Diversity in Collective Computing Systems: understanding how different forms of diversity benefit self-organising collective systems faced with certain types of problems

• Application invited for fully funded four year PhD studentship
• Stipend £15,500 (tax free) for four years

Applications are invited to apply for a four year Postgraduate Research studentship, supported by the School of Engineering and Applied Science, to be undertaken within the Computer Science subject group at Aston University. The successful applicant will join the Aston Lab for Intelligent Collectives Engineering (ALICE) under the supervision of Dr Harry Goldingay and Dr Peter Lewis.

This studentship is combined with a teaching assistant role. The successful candidate will be required to provide up to an average of 6 hours per week of teaching support for a distance learning programme; therefore applicants must be capable of teaching on an undergraduate course in Software Engineering. Details of teaching responsibilities and a list of taught modules can be found here: http://www.aston.ac.uk/EasySiteWeb/GatewayLink.aspx?alId=246435

Project Details
Increasingly, computing systems are composed of many interacting components which, due to issues of scale or separation, cannot be centrally controlled; instead, it is desirable that these components organise themselves in a bottom-up way in order to achieve system-wide goals. We call such systems "collective systems" [1].

In collective biological and social systems (such as teams, ant colonies and whole ecosystems) diversity is known to provide a range of benefits. Recent work has shown that collective computing systems (such as cloud computing systems, sensor networks, population-based algorithms) can also benefit from diversity. Performance, adaptability and robustness of such systems can often benefit from different forms of diversity, including heterogeneity (when components behave differently from each other) and dynamics (when components' behaviours change over time) [2].

We do not yet have a principled way of determining how such diversity should be organised, or how it might evolve in response to environmental feedback. This will be necessary in order to deploy effectively configured systems that benefit from these properties.

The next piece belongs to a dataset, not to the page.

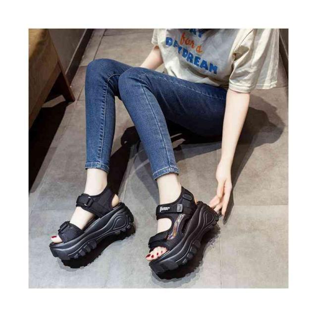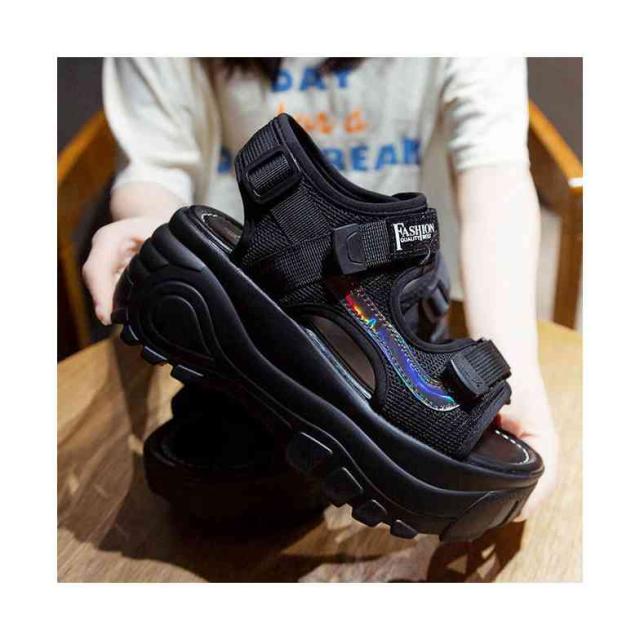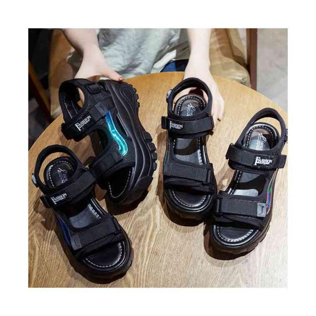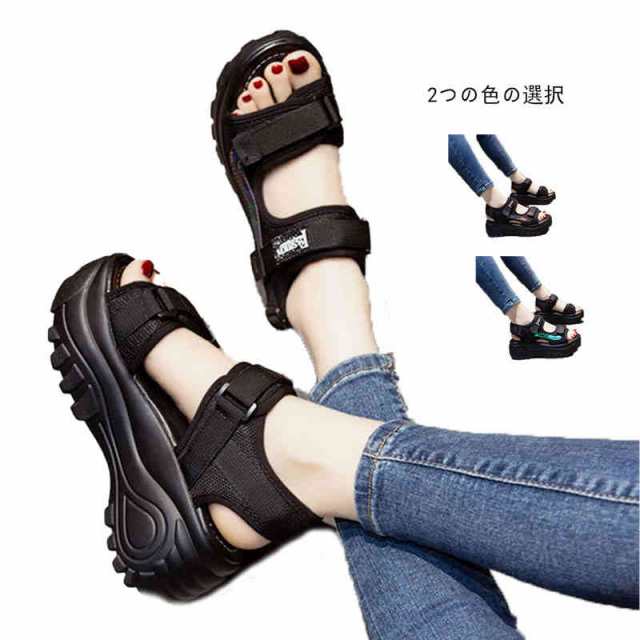 送料無料 サンダル レディース スポーツサンダル 厚底 ベルクロ スポーティ ストラップ レディース 夏 大きいサイズ 小さいサイズ ブラック グリーン

The aim of this PhD project is to understand how different forms of diversity benefit self-organising collective systems faced with certain types of problems, and how to design for this. The expected contributions of this PhD are a new understanding of the mechanisms by which heterogeneity and dynamics can be of benefit, and new models and algorithms for the effective use of them in specific collective systems.

Further Information
For enquiries about this project contact Dr. Harry Goldingay ([Email Address Removed]).

This studentship includes a fee bursary to cover the Home/EU tuition fee rate plus a maintenance allowance of £15,500 in 2017/18.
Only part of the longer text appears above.